WHAT THE TASK ASKS >>
Pictures aside, write out every record exactly as it appears.

DATA SUPPLIED >>
+===+
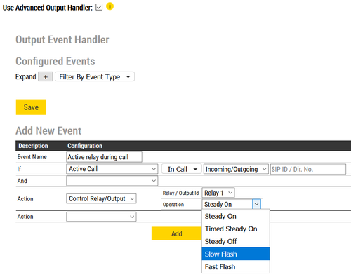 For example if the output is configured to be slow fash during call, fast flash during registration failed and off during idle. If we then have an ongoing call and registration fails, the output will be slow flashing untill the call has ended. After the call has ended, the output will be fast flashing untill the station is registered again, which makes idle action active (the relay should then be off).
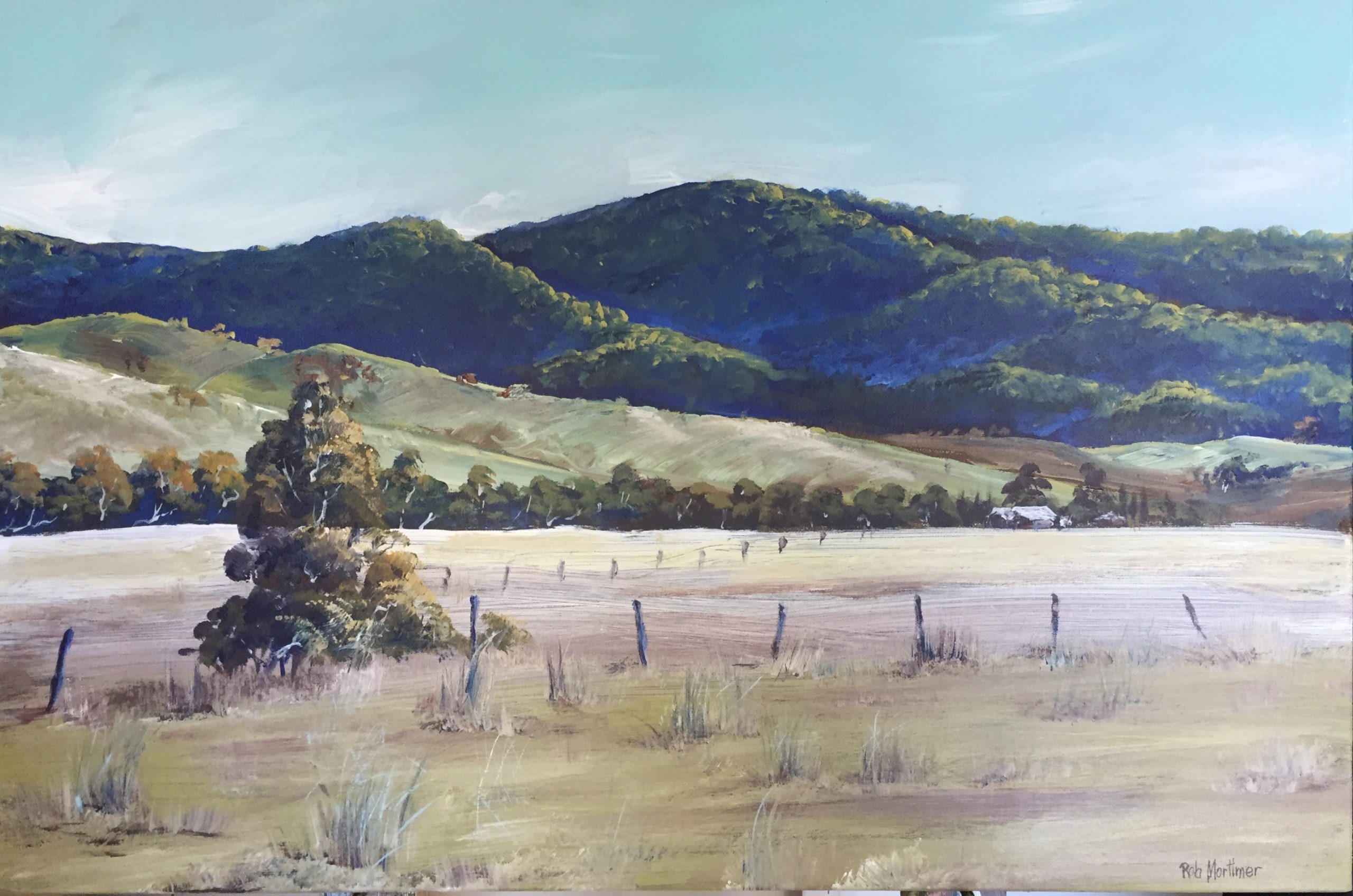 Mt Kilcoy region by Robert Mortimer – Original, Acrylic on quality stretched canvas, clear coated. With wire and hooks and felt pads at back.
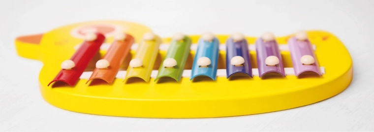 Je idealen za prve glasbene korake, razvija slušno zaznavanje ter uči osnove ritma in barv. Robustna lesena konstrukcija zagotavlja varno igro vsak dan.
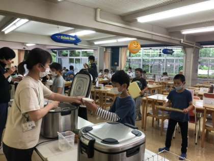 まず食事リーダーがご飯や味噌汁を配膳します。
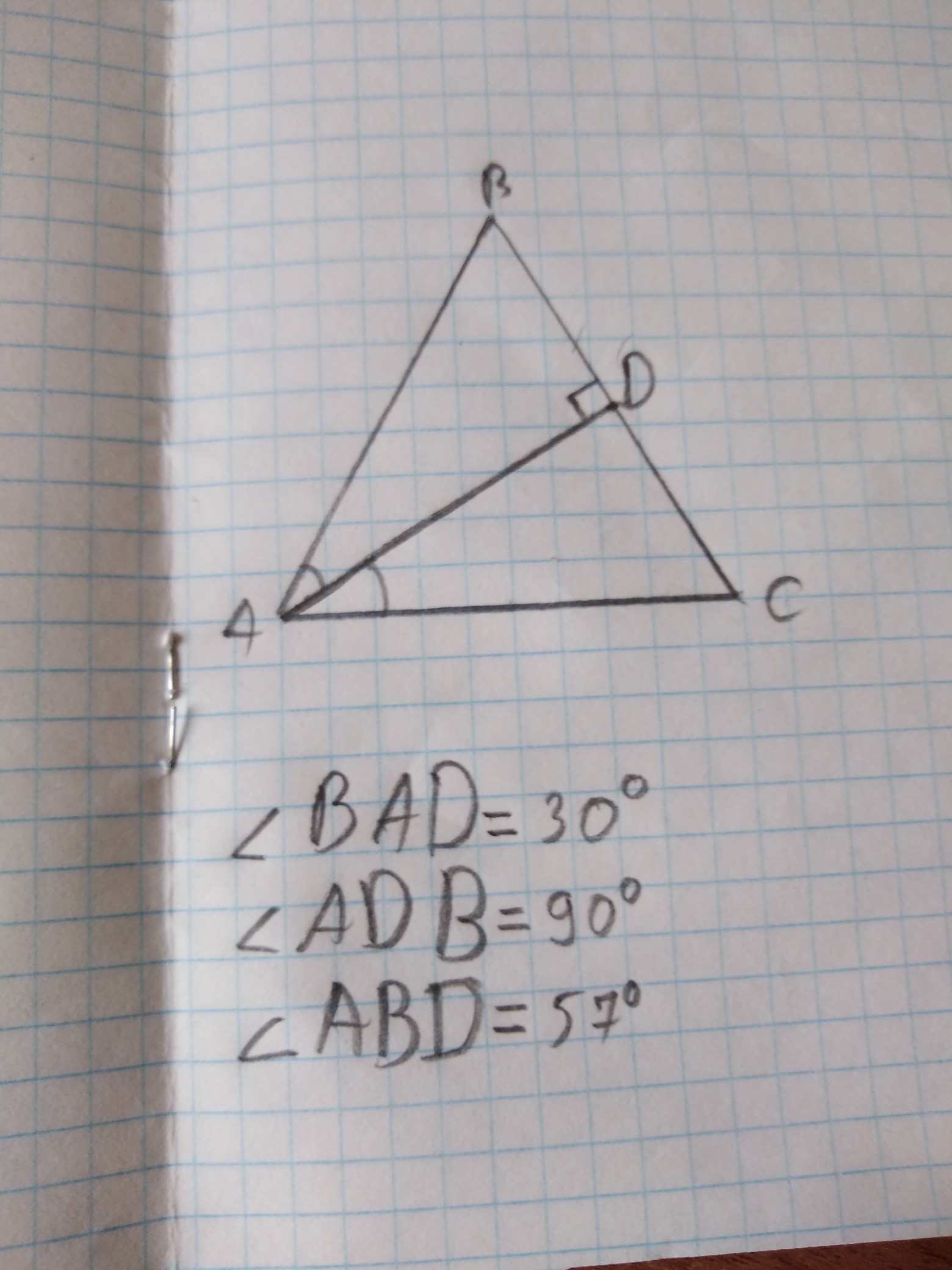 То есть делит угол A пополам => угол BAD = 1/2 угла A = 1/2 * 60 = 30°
+===+
YOUR RESPONSE >>
 For example if the output is configured to be slow fash during call, fast flash during registration failed and off during idle. If we then have an ongoing call and registration fails, the output will be slow flashing untill the call has ended. After the call has ended, the output will be fast flashing untill the station is registered again, which makes idle action active (the relay should then be off).
 Mt Kilcoy region by Robert Mortimer – Original, Acrylic on quality stretched canvas, clear coated. With wire and hooks and felt pads at back.
 Je idealen za prve glasbene korake, razvija slušno zaznavanje ter uči osnove ritma in barv. Robustna lesena konstrukcija zagotavlja varno igro vsak dan.
 まず食事リーダーがご飯や味噌汁を配膳します。
 То есть делит угол A пополам => угол BAD = 1/2 угла A = 1/2 * 60 = 30°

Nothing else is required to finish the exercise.